_Exercise goal_:
The listing must be copied out in full and exactly; no images go with it.

_Data shown_:
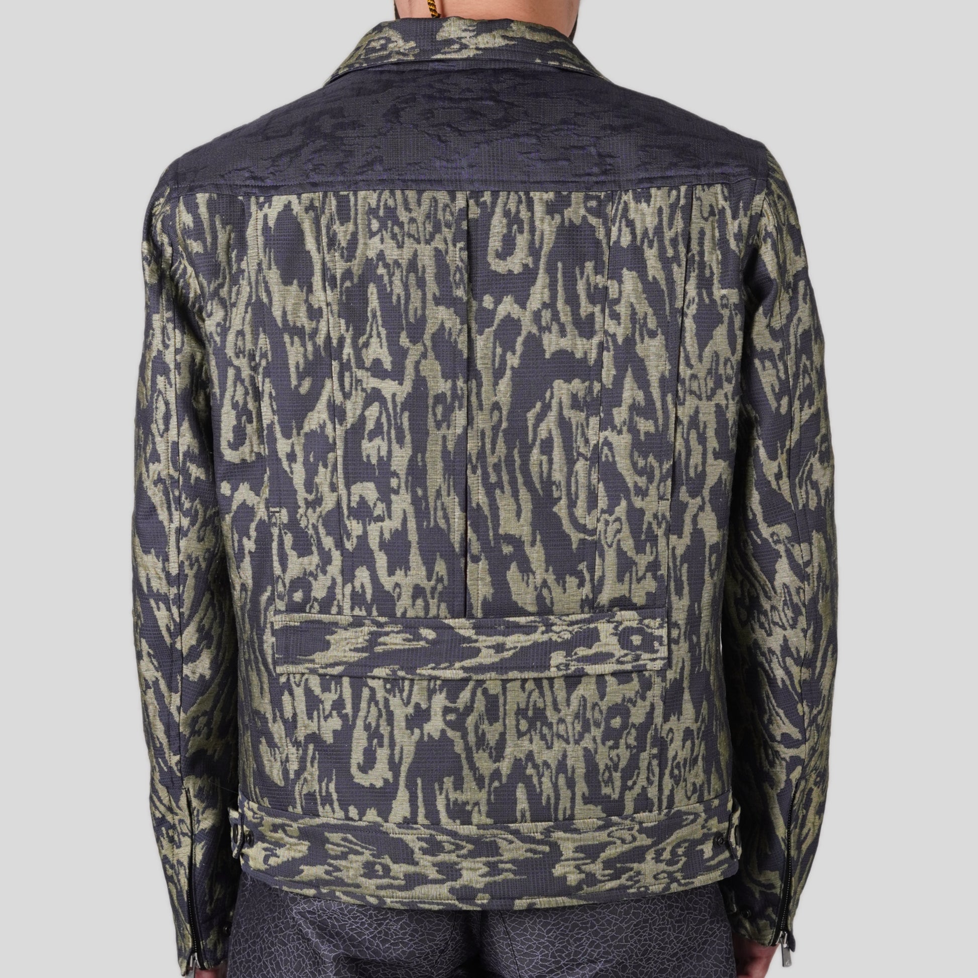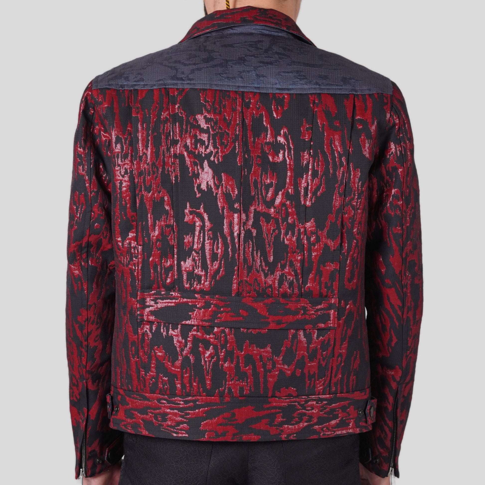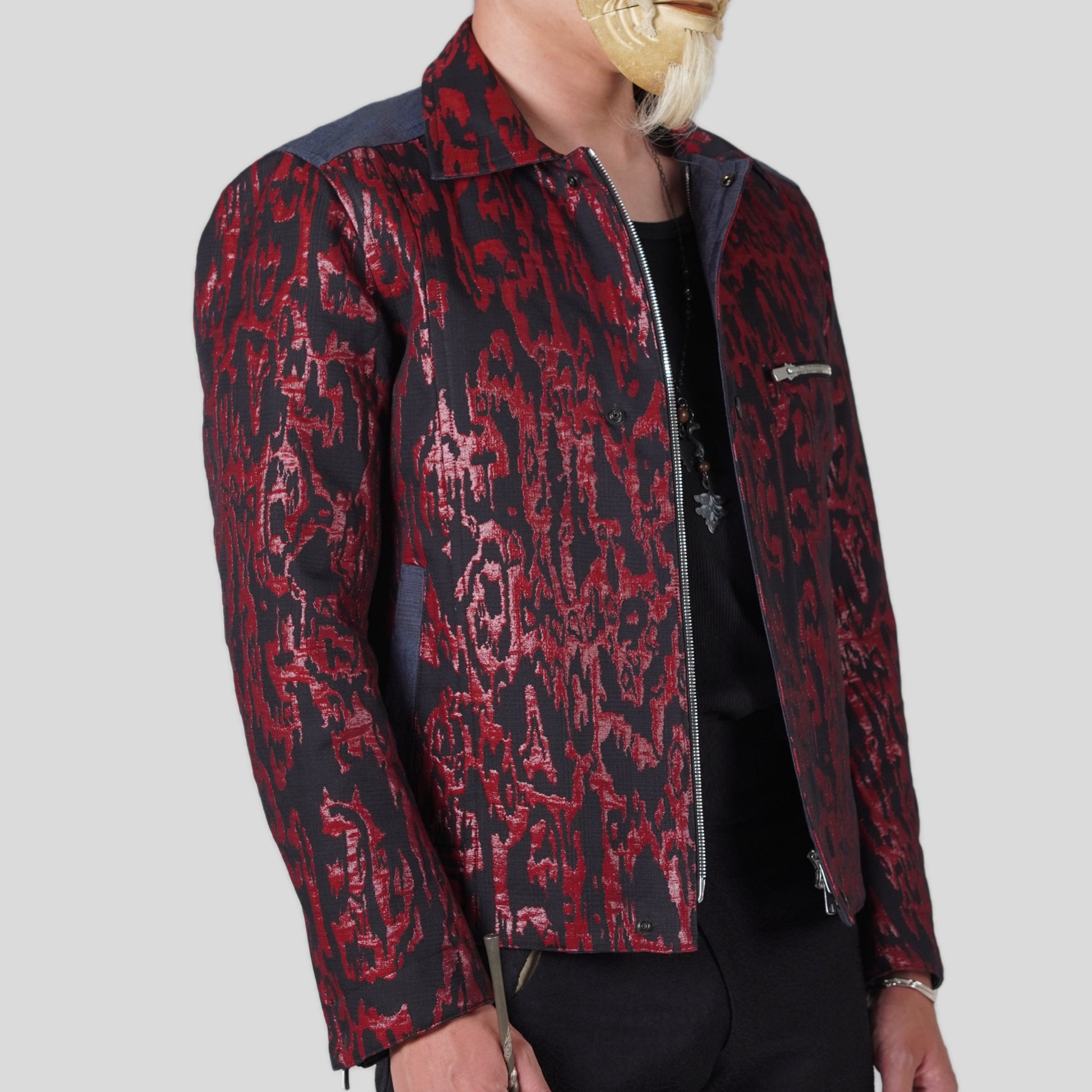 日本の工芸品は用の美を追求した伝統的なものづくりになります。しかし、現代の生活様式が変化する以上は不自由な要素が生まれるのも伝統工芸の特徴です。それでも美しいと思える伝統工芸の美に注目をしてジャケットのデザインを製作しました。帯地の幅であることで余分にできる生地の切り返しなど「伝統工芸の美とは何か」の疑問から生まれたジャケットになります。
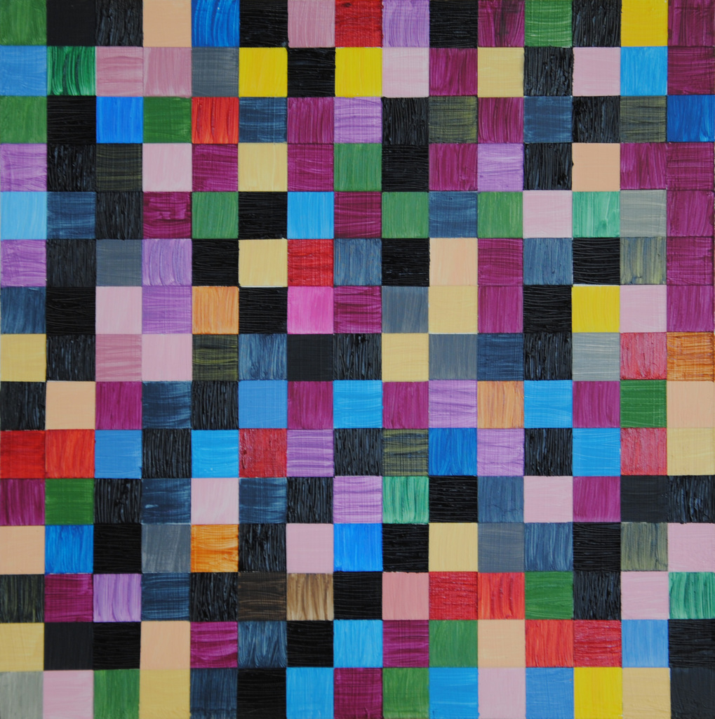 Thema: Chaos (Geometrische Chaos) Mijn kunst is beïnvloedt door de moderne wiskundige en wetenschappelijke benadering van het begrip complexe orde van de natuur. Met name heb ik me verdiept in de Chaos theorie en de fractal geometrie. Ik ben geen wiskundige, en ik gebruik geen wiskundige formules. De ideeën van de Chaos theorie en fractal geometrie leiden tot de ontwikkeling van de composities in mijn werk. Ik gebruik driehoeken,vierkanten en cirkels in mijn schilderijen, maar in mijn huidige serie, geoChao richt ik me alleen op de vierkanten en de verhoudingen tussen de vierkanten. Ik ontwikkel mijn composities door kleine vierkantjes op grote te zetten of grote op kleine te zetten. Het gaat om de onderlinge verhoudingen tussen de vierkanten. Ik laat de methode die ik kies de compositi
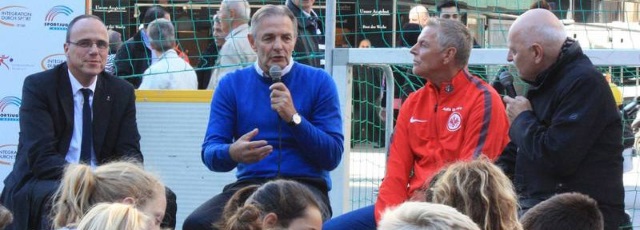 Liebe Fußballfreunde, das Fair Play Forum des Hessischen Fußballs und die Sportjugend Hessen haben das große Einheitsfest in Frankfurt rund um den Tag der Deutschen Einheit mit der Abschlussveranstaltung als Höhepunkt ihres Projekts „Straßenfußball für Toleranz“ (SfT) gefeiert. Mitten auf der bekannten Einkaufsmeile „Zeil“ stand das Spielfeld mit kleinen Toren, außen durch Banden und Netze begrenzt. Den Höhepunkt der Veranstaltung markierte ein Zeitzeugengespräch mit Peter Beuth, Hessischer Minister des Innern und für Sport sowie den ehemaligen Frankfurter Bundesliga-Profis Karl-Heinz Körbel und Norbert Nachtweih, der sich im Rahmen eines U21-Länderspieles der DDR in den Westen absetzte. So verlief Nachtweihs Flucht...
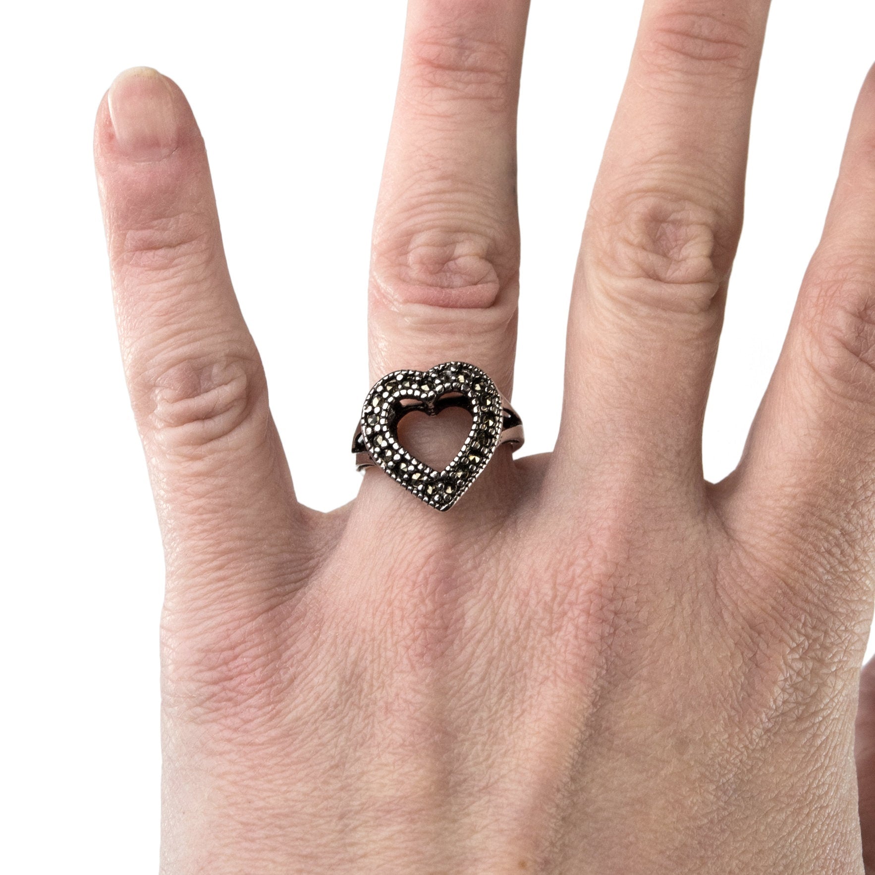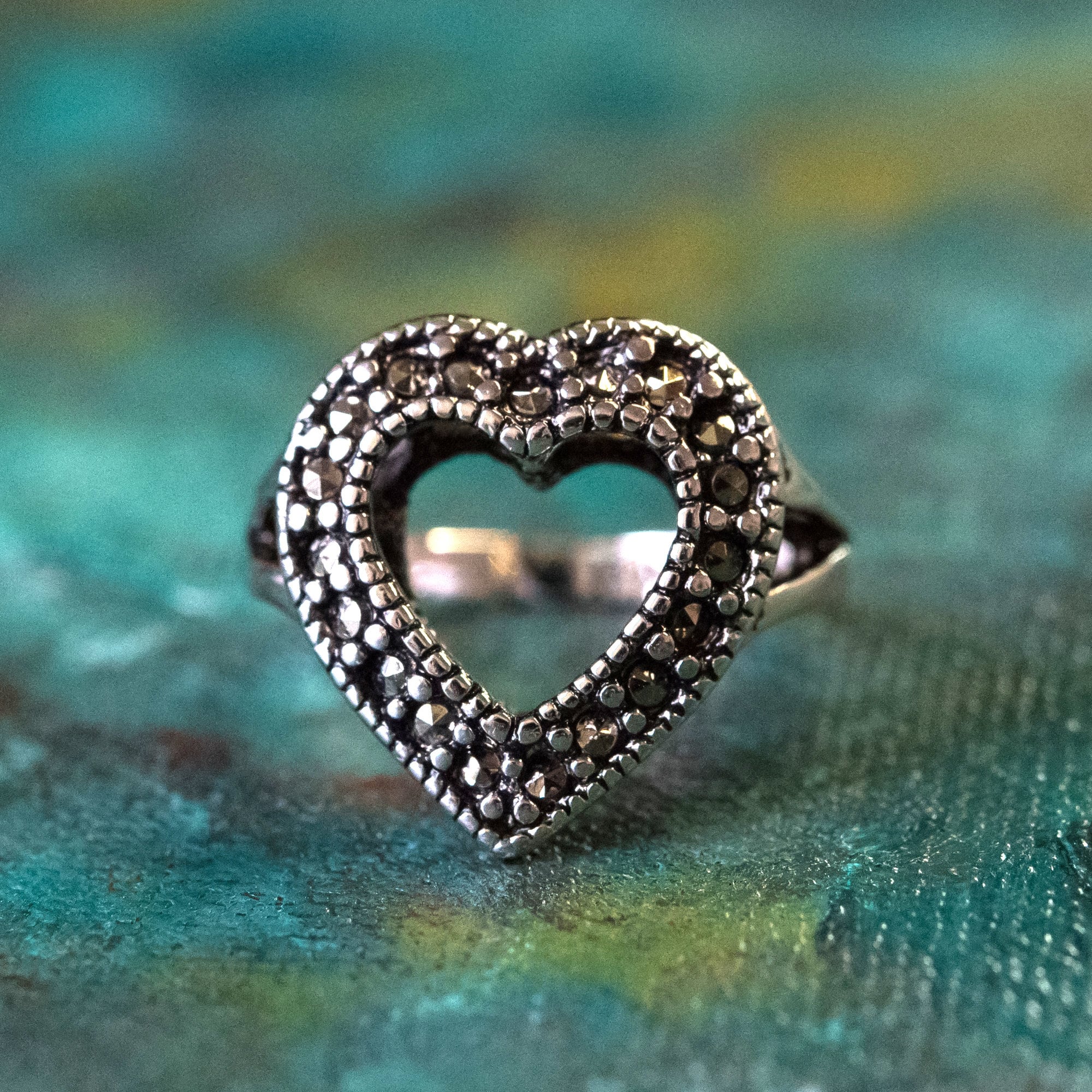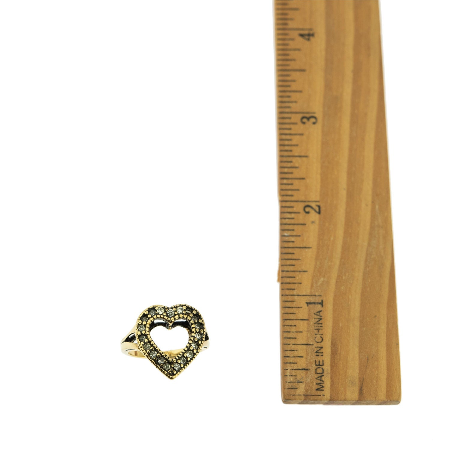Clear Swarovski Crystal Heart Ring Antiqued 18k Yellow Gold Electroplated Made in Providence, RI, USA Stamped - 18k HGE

_Exercise output_:
 日本の工芸品は用の美を追求した伝統的なものづくりになります。しかし、現代の生活様式が変化する以上は不自由な要素が生まれるのも伝統工芸の特徴です。それでも美しいと思える伝統工芸の美に注目をしてジャケットのデザインを製作しました。帯地の幅であることで余分にできる生地の切り返しなど「伝統工芸の美とは何か」の疑問から生まれたジャケットになります。
 Thema: Chaos (Geometrische Chaos) Mijn kunst is beïnvloedt door de moderne wiskundige en wetenschappelijke benadering van het begrip complexe orde van de natuur. Met name heb ik me verdiept in de Chaos theorie en de fractal geometrie. Ik ben geen wiskundige, en ik gebruik geen wiskundige formules. De ideeën van de Chaos theorie en fractal geometrie leiden tot de ontwikkeling van de composities in mijn werk. Ik gebruik driehoeken,vierkanten en cirkels in mijn schilderijen, maar in mijn huidige serie, geoChao richt ik me alleen op de vierkanten en de verhoudingen tussen de vierkanten. Ik ontwikkel mijn composities door kleine vierkantjes op grote te zetten of grote op kleine te zetten. Het gaat om de onderlinge verhoudingen tussen de vierkanten. Ik laat de methode die ik kies de compositi
 Liebe Fußballfreunde, das Fair Play Forum des Hessischen Fußballs und die Sportjugend Hessen haben das große Einheitsfest in Frankfurt rund um den Tag der Deutschen Einheit mit der Abschlussveranstaltung als Höhepunkt ihres Projekts „Straßenfußball für Toleranz“ (SfT) gefeiert. Mitten auf der bekannten Einkaufsmeile „Zeil“ stand das Spielfeld mit kleinen Toren, außen durch Banden und Netze begrenzt. Den Höhepunkt der Veranstaltung markierte ein Zeitzeugengespräch mit Peter Beuth, Hessischer Minister des Innern und für Sport sowie den ehemaligen Frankfurter Bundesliga-Profis Karl-Heinz Körbel und Norbert Nachtweih, der sich im Rahmen eines U21-Länderspieles der DDR in den Westen absetzte. So verlief Nachtweihs Flucht...
Clear Swarovski Crystal Heart Ring Antiqued 18k Yellow Gold Electroplated Made in Providence, RI, USA Stamped - 18k HGE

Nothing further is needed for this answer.